The History of Ever.


Earlier this week, a good friend referred to me as The Best Girl Ever in the History of Ever. When was the last time someone spontaneously called you something like that? Did you stop and recognize how fantastic that kind of remark is? I grinned and am still grinning just to think of it.

This time last weekend, I was crouched on a sandy shore, playing with a river lake. This time two weeks ago, I was prowling the edge of a cornfield. I'd say it looks as though I'm scouting edges these days.


As of course I am, given that nearly every week this summer has brought another departure, another arrival, another trade-in, another trade-up. In just over a month (deo volante), I'll have packed my bags, schlepped them through the bomb-checking machines, and made my way over an ocean in the dark.
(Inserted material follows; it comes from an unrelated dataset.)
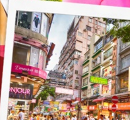
ช้อปปิ้งย่านมงก๊ก

Between now and then, I'm gathering steam for the change.

Tonight that has meant moving large files from one external hard drive to another (and finally figuring out how to make my power-sharing cable do its job with one of my drives), a process of gathering like things together, setting them to copy, and then puttering around with some other task that has long been languishing--like corresponding with people who have sent me e-mails this summer, and returning overdue library books.

The officehouse is quiet and changeful these days; my poet colleagues have moved out of their spaces, and their nameplates came down this week. Soon my nameplate will come down and be replaced by that of the colleague who will occupy this space within weeks. Everything is teetering on the edge of last departures and first arrivals: with special dispensation, students can begin moving into their dorm rooms on Wednesday, and first requests for coffee dates have started to appear in my e-mail. Colleagues who have been away for the summer, or for longer, are (I'm guessing) beginning their treks homeward, or have returned but not yet reappeared here.
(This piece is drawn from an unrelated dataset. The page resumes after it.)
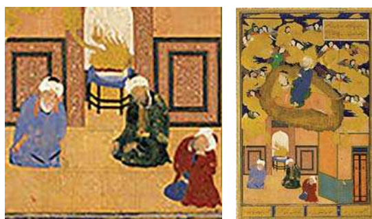
تصویر ۵، «معراج پیامبر (ص)»، بوستان سعدی، نیمه اول قرن ۱۶م، مأخذ: موزه متروپولیتن.

ج ۳، ص ۲۰۷؛ ج ۵؛ ۱۳۲). بر اساس روایات اسلامی، در شب عروج عیسی (ع) در مقابل یارانش از زاویه خانه به طرف آسمان بالا می‌رود و ناپدید می‌شود (قمی، ۱۴۱۲ق، ج ۱؛ طباطبایی، ۱۴۱۷ق، ج ۳: ۲۱۸) و پس از چند روز برمی‌گردد (نویری، ۱۳۶۵، ج ۹: ۳۲۷-۳۲۶) و بین زمین و آسمان قبض روح می‌شود، بعد به آسمان می‌رود و دوباره روحش به بدنش باز می‌گردد (مجلسی، ۱۳۶۲، ج ۱۴: ۳۳۹-۳۳۸) و برخی معتقدند در حال دویدن باد او را به آسمان می‌برد (رازی، ۱۳۸۱، ج ۴: ۳۵۴).

My shorts and trousers begin to ride lower, loosen out; it would seem that last weekend's canoeing and cycling (on miniature, folding bicycles, up and around the campground, mostly to the bathrooms but also to the lake's shore for photographs, for skipping stones, for wishing that lake were my own, sorely missed one) have jumpstarted my interest in actually using my body for something. This week found me careening all over Gambier on the bicycle I, for no apparent reason, neglected to the point of rustiness while I lived in the old house. Now it is my best way of getting from the dog's house to my apartment to the post office to the officehouse. My helmet is so old that the pads are disintegrating, sometimes right into my hair. I want so badly to go without it, and yet I remember the feeling of my headlong flight over a pair of curved handlebars almost twenty years ago, and I know how damned lucky I am to have come back up off the gravel where I'd fallen and to have sustained only tiny, scraping injuries. And so I strap on my old helmet before I head off over the lawn and down the street. Tomorrow, perhaps I will visit the prairie, or search for barns I have not yet seen, on the bicycle.
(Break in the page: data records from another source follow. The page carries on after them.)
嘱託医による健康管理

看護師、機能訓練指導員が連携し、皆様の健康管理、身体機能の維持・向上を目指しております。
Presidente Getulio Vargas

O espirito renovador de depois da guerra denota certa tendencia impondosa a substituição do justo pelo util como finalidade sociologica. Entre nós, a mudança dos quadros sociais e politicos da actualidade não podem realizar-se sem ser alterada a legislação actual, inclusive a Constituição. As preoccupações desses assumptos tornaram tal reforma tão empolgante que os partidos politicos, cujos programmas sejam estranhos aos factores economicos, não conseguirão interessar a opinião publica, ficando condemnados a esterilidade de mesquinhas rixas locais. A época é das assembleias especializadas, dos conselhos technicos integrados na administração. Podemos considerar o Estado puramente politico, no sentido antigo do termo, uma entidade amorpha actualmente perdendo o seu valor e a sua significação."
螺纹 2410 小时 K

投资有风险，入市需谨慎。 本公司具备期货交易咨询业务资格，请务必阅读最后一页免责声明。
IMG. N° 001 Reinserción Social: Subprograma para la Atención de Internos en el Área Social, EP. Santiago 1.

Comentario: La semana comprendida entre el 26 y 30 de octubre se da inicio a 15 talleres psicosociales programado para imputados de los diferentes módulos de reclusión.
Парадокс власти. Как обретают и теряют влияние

At this very moment, a languorous dog is lying somewhere in his living room, wondering whether I'm ever going to come home. He is, perhaps, hoping that we will take a walk as long as last night's, when neither of us seemed ready to turn back for home and thus ended up all the way down at the officehouse. It's easier to go for miles when the sun has slipped beyond the trees.

Tonight, my tiny fantasy is about markers. I ran out of cash for the coffee- and olive-colored ones at the bookstore tonight, what with buying the Sunday Times. But now it turns out that I can get twenty, and all in their handy case. (Handy cases, of all kinds, form my other tiny fantasy this weekend, as I start planning my return to the Container Store.) I already have the ten-pack; finding out that there's a twenty-pack made me coo aloud at the computer. It is a tiny fantasy; it's not the one around which I've built my day. But that doesn't make it nothing, not in the History of Ever.